The primary endpoint is the change from baseline associated with GW856553 versus placebo at Week 6 in the Bech (6-item HAMD-17) score. Interim analyses of the primary endpoint will be performed throughout the study to potentially adapt the study design by changing the randomization ratio and/ or reducing the total number of subjects to be randomized into the study.

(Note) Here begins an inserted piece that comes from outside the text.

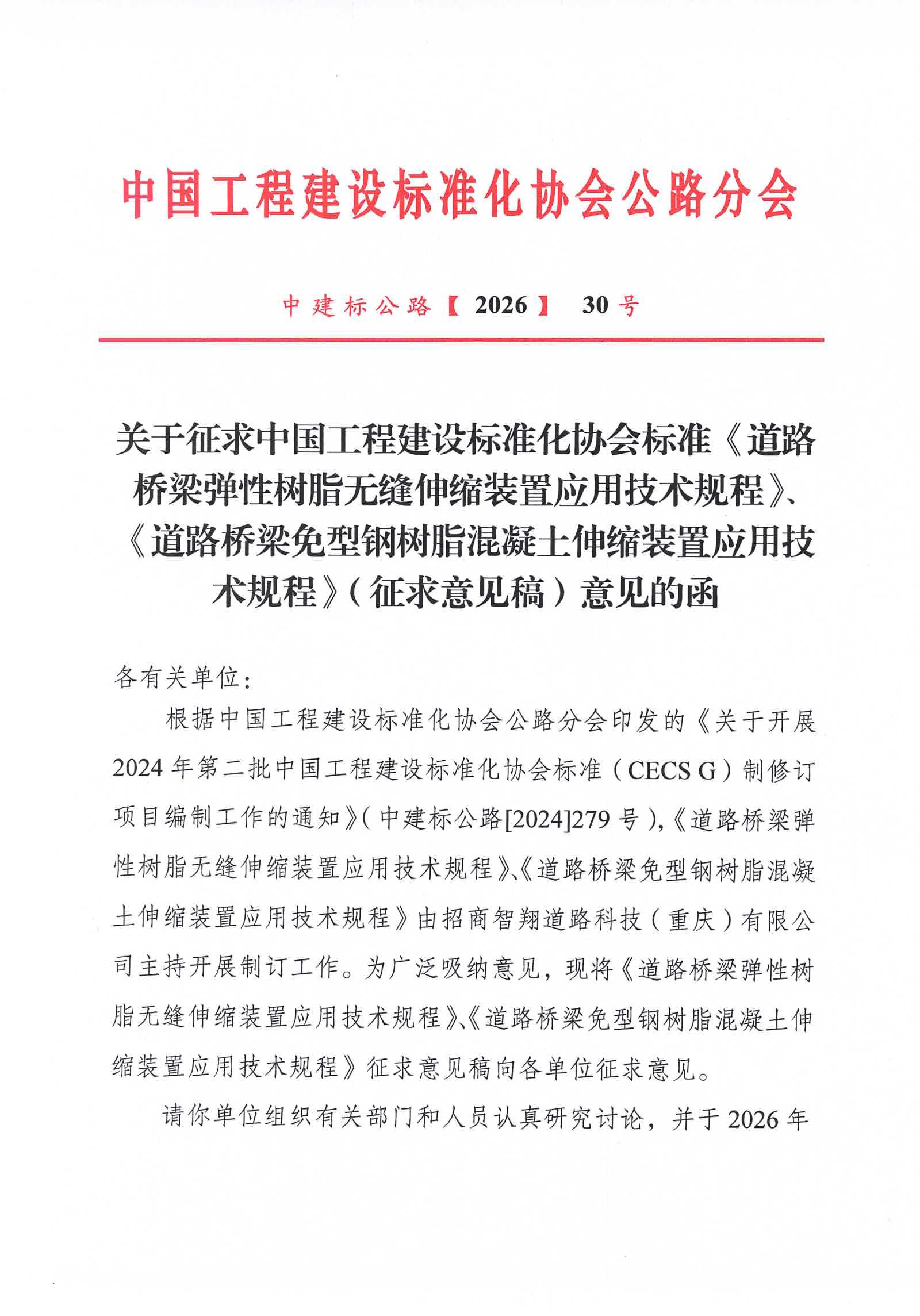 《道路桥梁弹性树脂无缝伸缩装置应用技术规程》(征求意见稿)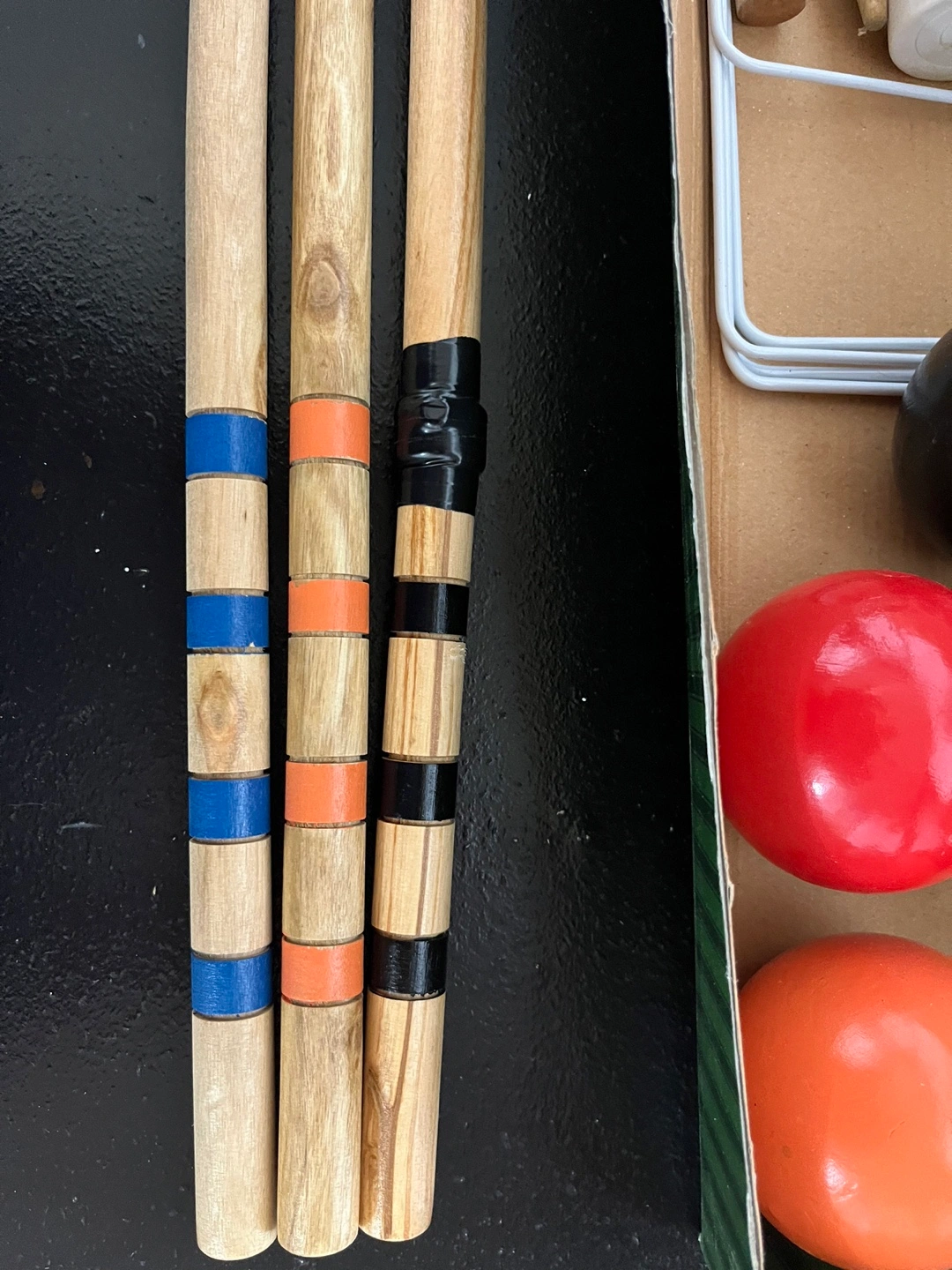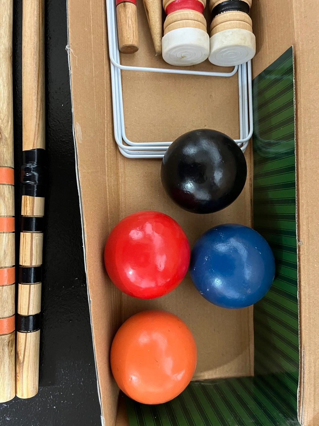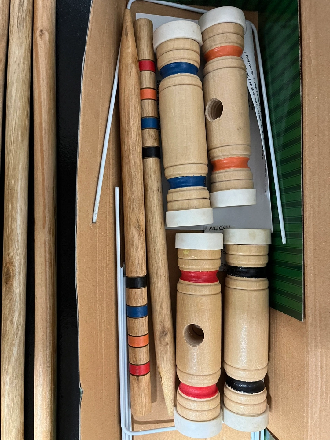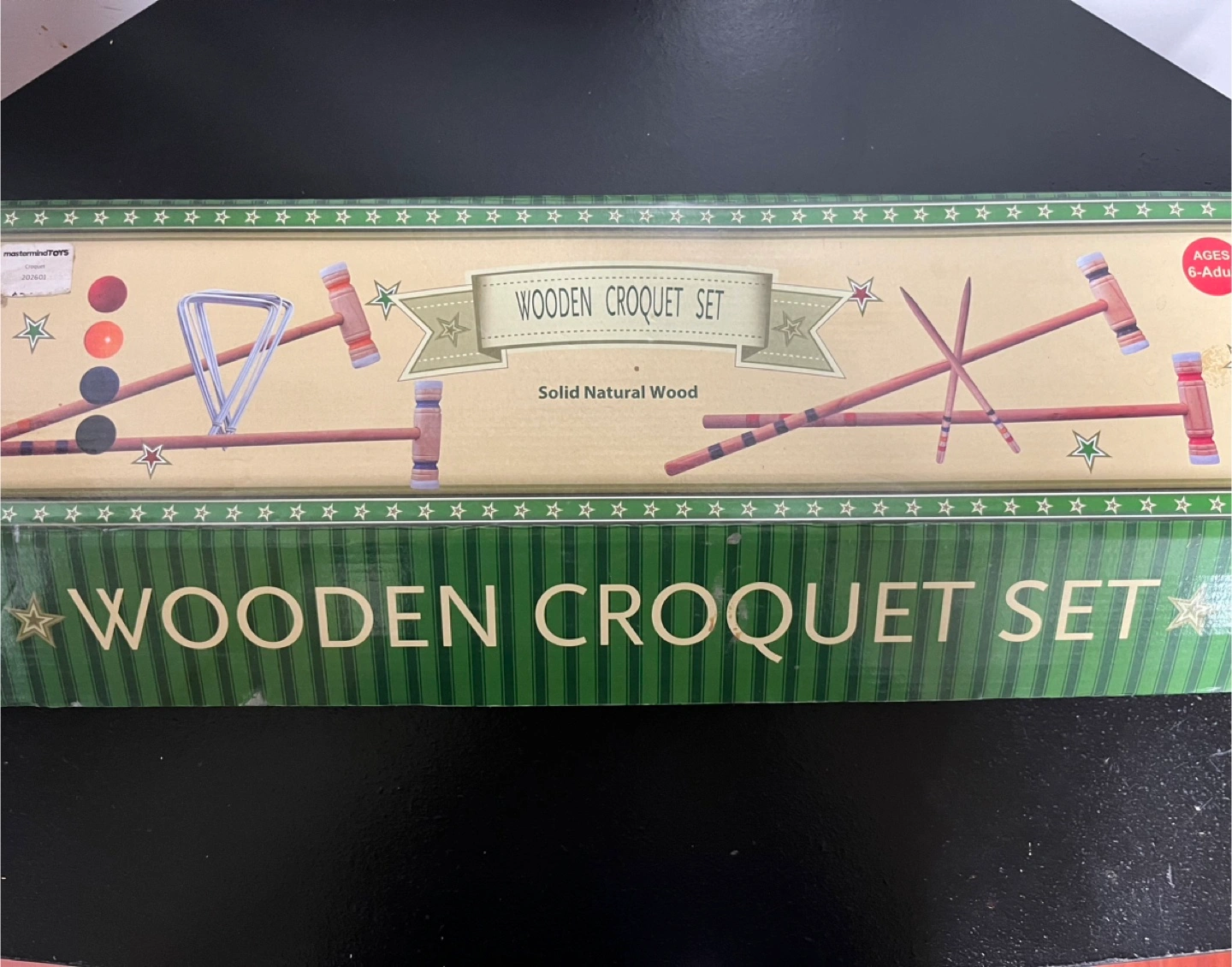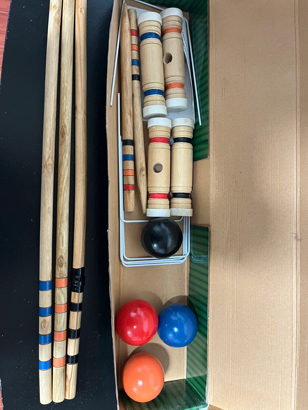 Selling a wooden croquet set made of solid natural wood! Comes with all the pieces shown in the box. Great for some outdoor fun with family and friends

Exploratory analyses will be performed by associating changes in cytokine levels and selected clinical symptoms; PK/PD modelling will also be used to identify the most sensitive clinical and biological markers.
Eligibility Criteria
Key Inclusion Criteria
- Adult subjects with primary diagnosis of moderate to severe MDD without psychotic features, for at least 4 weeks and one previous MDD episode
- Males or Females who agree to use protocol specified contraception if of child bearing potential
- BMI 18.5-35.0 kg/m2
- Normal liver function tests
Key Exclusion Criteria
- History of liver disease or positive hepatitis B surface antigen or hepatitis C antibody in the last 3 months
- Elevated liver function tests on >2 ocassions in the last 7 months
- Significant medical illness, autoimmune disease or infectious disease
- Pregnant or nursing females
- Excessive and regular alcohol consumption
- History of substance abuse or dependence in past 6 months or positive urine drug screen
- Significant suicidal or homicidal risk
- Currently receiving chronic biological or pharmacologic anti-inflammatory therapy or is not euthyroid
- Psychoactive drugs within 1 week or 5 half lives of randomization visit
- Treatment resistant subjects
Data sourced from ClinicalTrials.gov (NCT00976560). Outcome figures and adverse-event rates are extracted automatically from the registry's posted results and are provided for clinician reference, not as a substitute for the primary publication.